Francesco Galassia, Wood’d Vibes da un mondo a noi vicino.


Francesco Galassia è uno di quei ragazzi che ci piacciono. Graphic Designer bravissimo di giorno, music lover e DJ di notte. Sceso dalle Alpi a valle per studiare, è approdato a Milano qualche anno fa, e molto probabilmente l’avrete sentito suonare in una o due delle vostre serate preferite in città. Quindi, un gran benvenuto a Francesco nelle Wood’d Vibes, lo spazio virtuale e raccolta di mixtape dove chiediamo a DJ, producers e musicisti di tradurre in musica la loro idea di legno, artigianalità e Made in Italy. Enjoy!


Ciao Francesco, in breve, chi sei e che cosa fai?
Mi chiamo Francesco, ho 24 anni, e sono un graphic designer di base a Milano. Quando non disegno compongo musica e metto dischi.

Come hai cominciato ad appassionarti di musica?
L’amore per la musica è cominciato abbastanza tardi, nei tragitti a piedi da casa a scuola, avevo 14 anni o giù di lì. A 18 anni ho scoperto la musica elettronica, e me ne sono innamorato. Da lì i primi DJ set e le prime serate nel paese da cui provengo. Appena arrivato all’università a Milano le cose sono cambiate, ho incontrato il mio socio e abbiamo iniziato a fare musica più seriamente.

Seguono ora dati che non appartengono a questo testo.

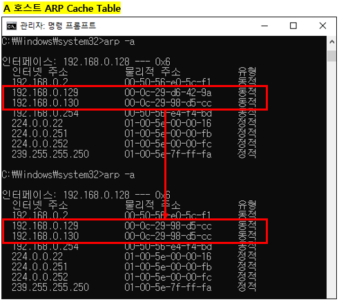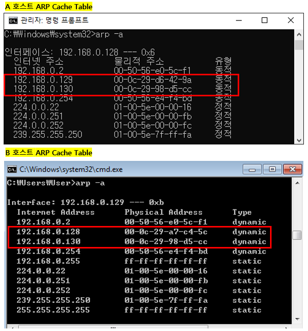 - ARP 프로토콜 특성 상 인증과정이 없기 때문에 A, B 호스트의 ARP Cache Table의 MAC 주소정보가 공격자의 MAC 정보로 변경된다.
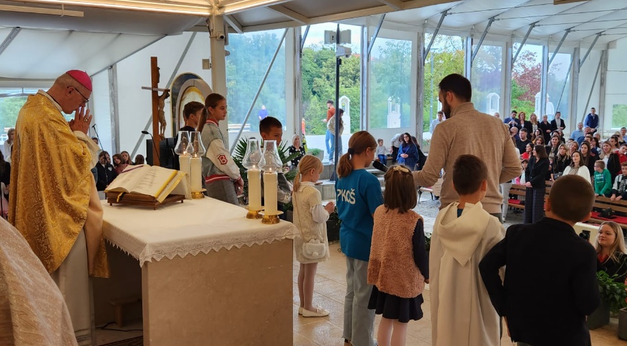 Na početku mise sve okupljene pozdravio je provincijal Tokić rekavši da je s njima „skoro i sam Papa“ te je pojasnio djeci kako je nuncij Lingua izaslanik pape Franje. Kazao je da je mons. Lingua pun poštovanja i razumijevanju prema hrvatskom narodu, pozdravio ga i zamolio da započne euharistijsko slavlje.

Cosa influenza maggiormente il tuo suono?
Dipende! Attualmente sto seguendo due progetti molto diversi tra di loro. Uno è appunto Francesco Galassia ed è prettamente musica sperimentale e IDM. Le influenze qui vengono maggiormente dalla scena musicale inglese: mi vengono in mente nomi come Lee Gamble, Lanark Artefax, Actress, ed etichette come la UIQ o la Hyperdub. Il secondo progetto è abbastanza nuovo, si chiama Moto Accelerato ed esiste solamente da qualche mese. A lavorarci siamo in due, facciamo techno e abbiamo appena rilasciato il nostro primo EP: Le Carceri. Le influenze di questo lavoro sono per lo più scandinave. Varg, Shxcxchcxsh, Abdulla Rashim e la Northern Electronics piuttosto che la Avian.

Cosa stai ascoltando ultimamente?
Sto ascoltando tantissima ambient, che mi aiuta quando devo lavorare fino a notte fonda. Mono No Aware di P.A.N. e Pop di GAS sono la mia salvezza quando sto davanti al computer. Sto anche riscoprendo tanta dub techno degli anni ’90. Come Substance, Radius and Antonio. Assieme a molto noise sperimentale e IDM, of course.

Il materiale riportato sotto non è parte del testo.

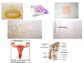 Sistema Reprodutor ContracepçãoNão ter relações sexuais - abstinência Evitar que um folículo se desenvolva - pílula anticoncepcional Colocar um obstáculo entre o espermatozóide e o óvulo - camisinha (masculina/feminina), DIU (dispositivo intra-uterino), diafragma Matar o espermatozóide - espermicidas Cirurgia - bloquear o espermatozóide ou óvulo com procedimentos cirúrgicos como ligadura das trompas (em mulheres) ou vasectomia (em homens) Tabelinha - evitar relações sexuais durante o período de máxima fertilidade
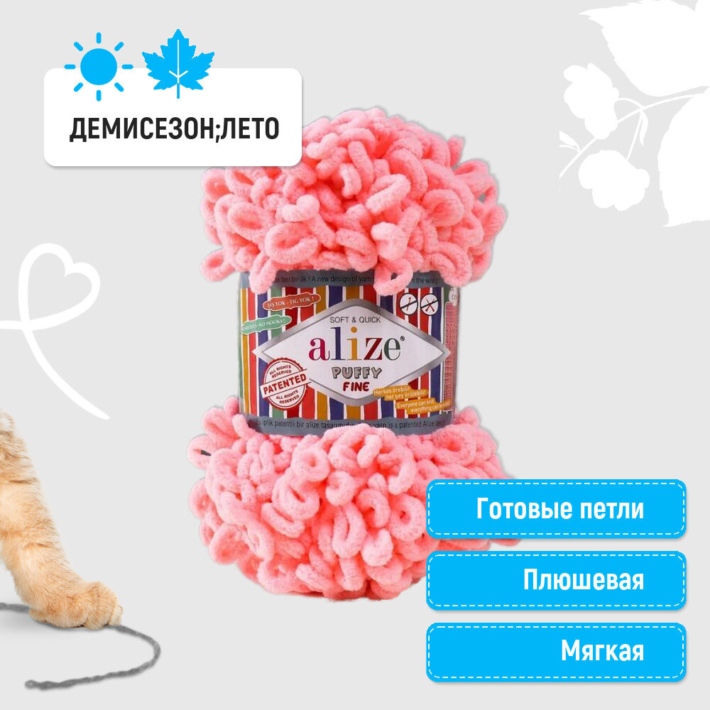 СохранитьПряжа Alize Puffy fine розовый (638), 100%микрополиэстер, 14.5м, 100г, 5шт интересное:

Da dove hai tratto ispirazione per questo mix?
Sono originario delle Alpi, e ho cercato di tornare con la testa a quando giocavo nei boschi da bambino. Quando sei a contatto con la natura hai davvero l’abilità di concentrati su ogni piccolo dettaglio. Dallo spezzarsi delle foglie alla luce filtrata dagli alberi. Sono piccoli frammenti di intimità che ricordo benissimo.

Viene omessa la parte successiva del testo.